I want to share DevScreen (https://devscreen.io/). We’ve been iterating on DevScreen for a few years now with the goal of delivering an awesome interview process for both candidates and the company. We achieve this by using realistic job-based tests and allowing the candidate to use their own editor - not a whiteboard or unfamiliar online code editor.
Many of the existing products in this space just bring the same old whiteboard coding puzzles to the web, without solving the core problem: those tests are not a good indicator of performance. This is a waste of time for the candidate and a missed opportunity for the company. All it tests is the candidate’s ability to read ‘Cracking the Coding Interview’ and work well under the pressure of being watched. Neither are particularly important attributes of an engineer and result in companies often missing great candidates or hiring sub-par engineers.
Today, DevScreen supports three different test types: code reviews, bug fixes, and projects. To help prevent the challenges from being made public, we spin up a new private Github repository for each test and add the candidate. Once they’re finished, they are automatically removed from the Github repo and we review their submission (or the company reviews the submission themselves).
We have a library of tests in place for various different skillsets. There are short, open-ended tests that can be done in any language or framework, and there are very specific tests that assess a candidate’s abilities in, say, React and TypeScript only.

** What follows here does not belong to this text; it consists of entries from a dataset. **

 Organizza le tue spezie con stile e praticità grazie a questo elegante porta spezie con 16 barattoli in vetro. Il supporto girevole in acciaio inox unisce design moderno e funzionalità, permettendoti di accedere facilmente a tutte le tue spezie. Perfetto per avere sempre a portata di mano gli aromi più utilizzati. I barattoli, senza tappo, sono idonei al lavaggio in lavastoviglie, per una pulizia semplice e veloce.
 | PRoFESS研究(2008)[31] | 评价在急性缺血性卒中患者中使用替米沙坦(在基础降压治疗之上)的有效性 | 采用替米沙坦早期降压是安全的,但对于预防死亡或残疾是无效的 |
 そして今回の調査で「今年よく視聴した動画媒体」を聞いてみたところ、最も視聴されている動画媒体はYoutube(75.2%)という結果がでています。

We lean towards open-ended tests ourselves, but we’ve found that companies who are hiring contractors like to test very specific skills only.
There’s a demo video on the homepage, but if there are any parts you want to see that aren’t included in the demo just let me know here or email darragh[at]devscreen.io and I’d be happy to answer any questions or go more in-depth on the product. This is our second “show HN” and we’ve iterated on the product a lot based the feedback we received last year, culminating in this version 2.0.

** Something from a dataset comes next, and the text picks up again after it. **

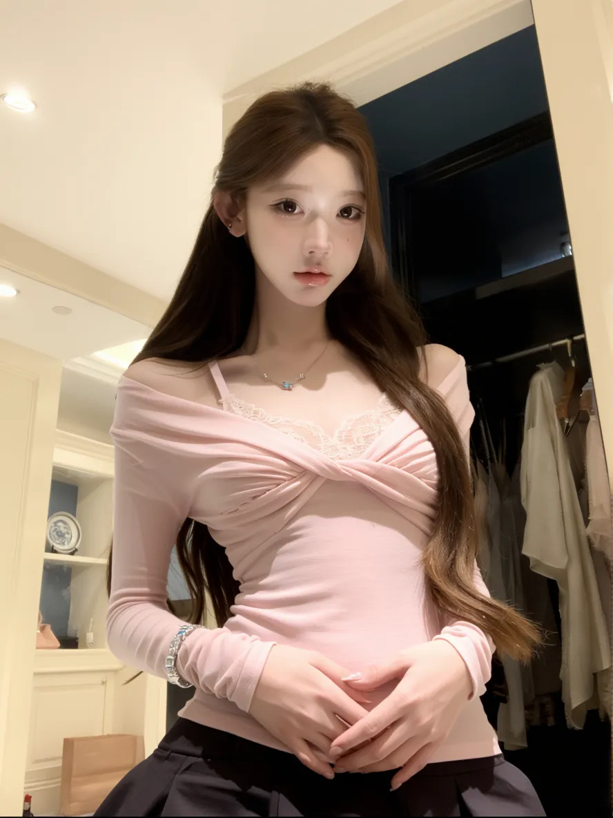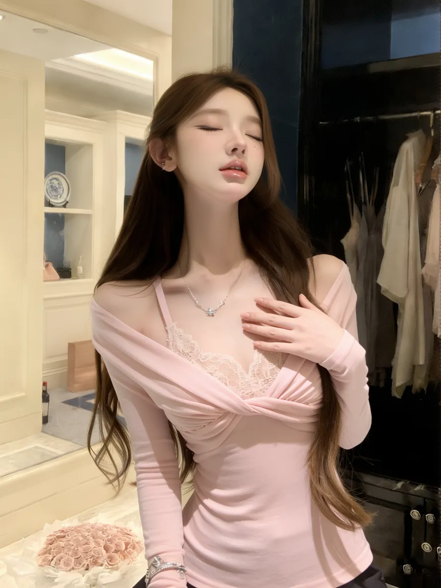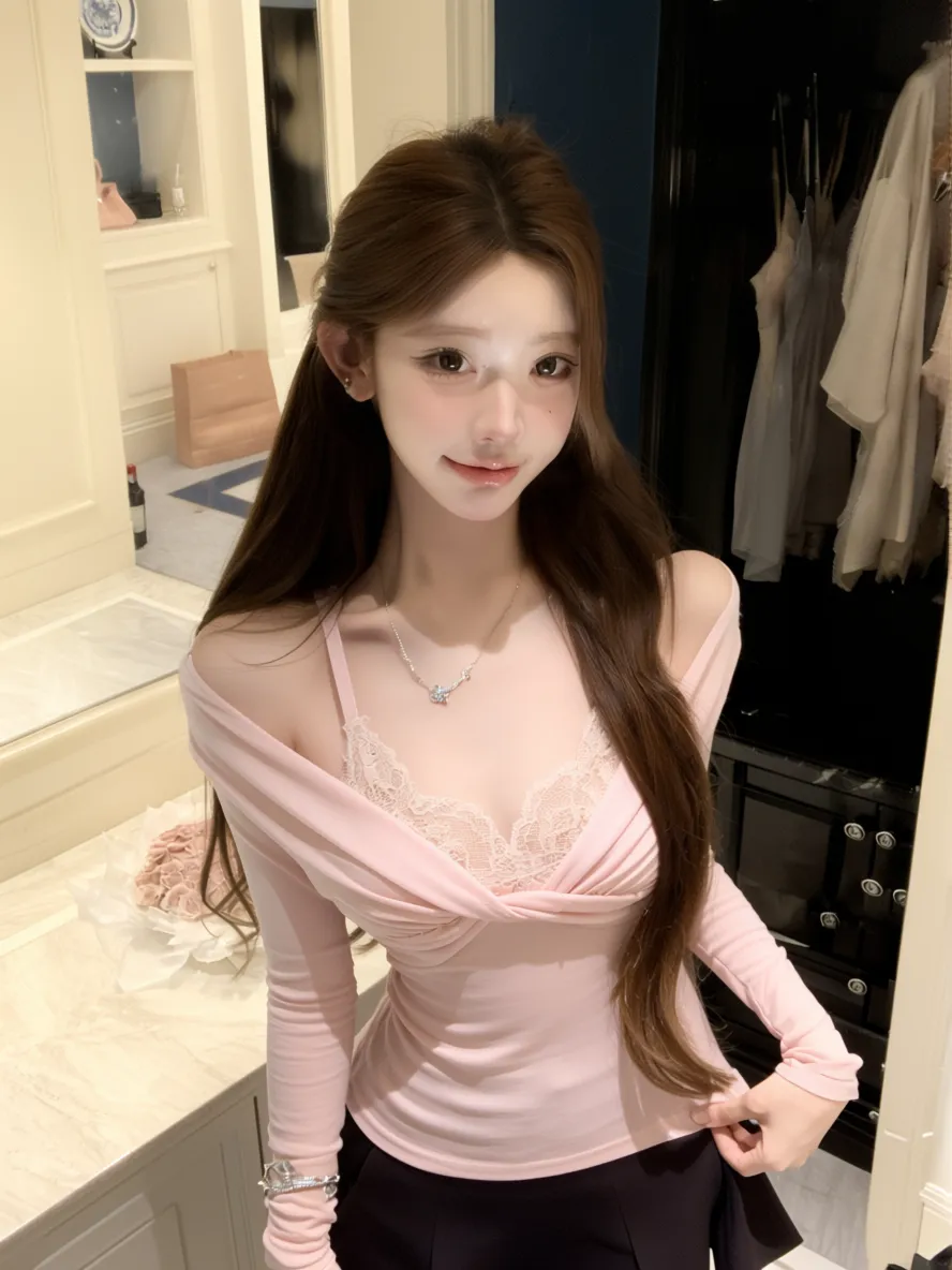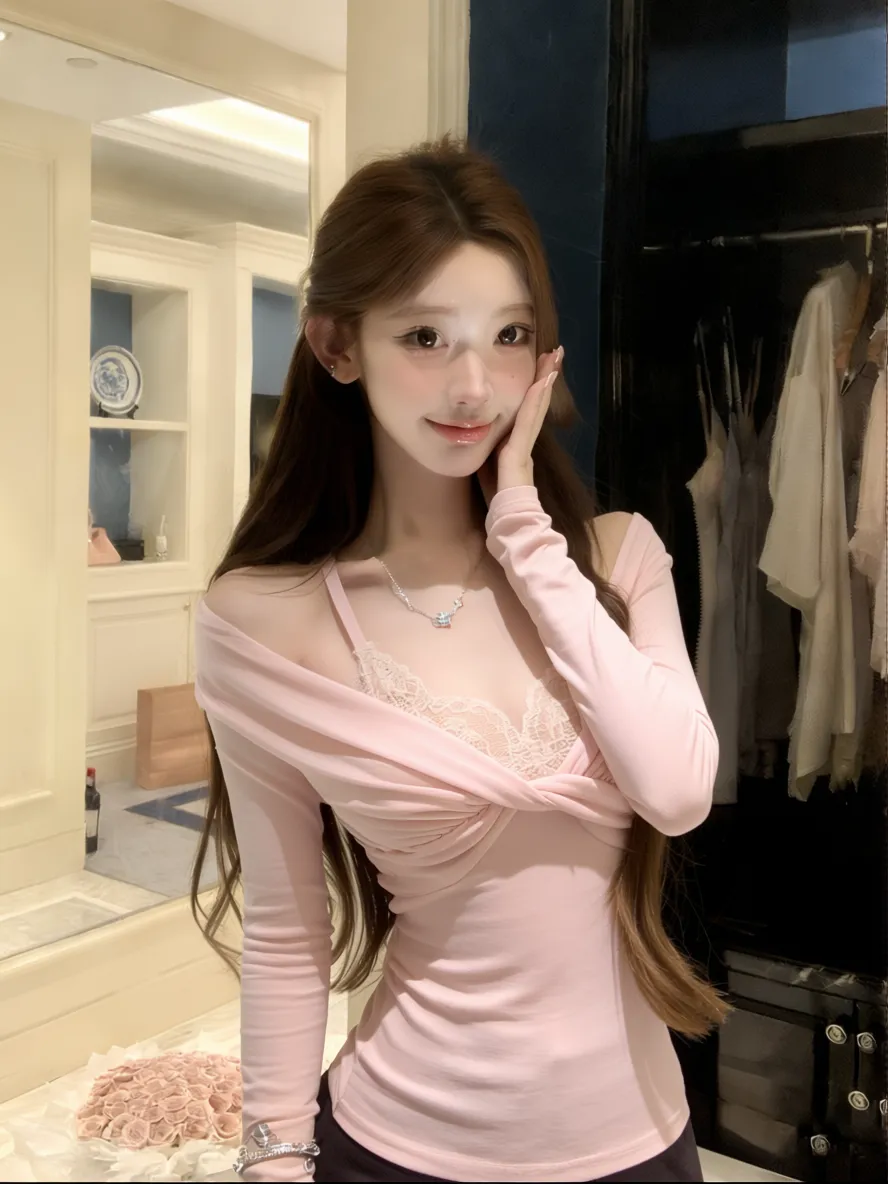 当前位置:首页>美女资讯>粉嫩露肩蕾丝装_长发女神温婉动人

Please check it out and let us know your thoughts!
- We have a team that can assess submissions now to save companies time.
- We published our assessment rubrics for each test so companies can use this to save time, if they wish to assess submissions on their own.
- We've added a whole lot of new tests. Some can be done in any language, some are more specific (rust, react, C#, Java, etc.).
- Add an activity log to give reviewers an insight into the timeline a candidate followed for their interview.
One part of this that we've yet to truly crack is pricing; in the background we're offering various different pricing models that each work well for certain companies but haven't found a one-size fits all yet.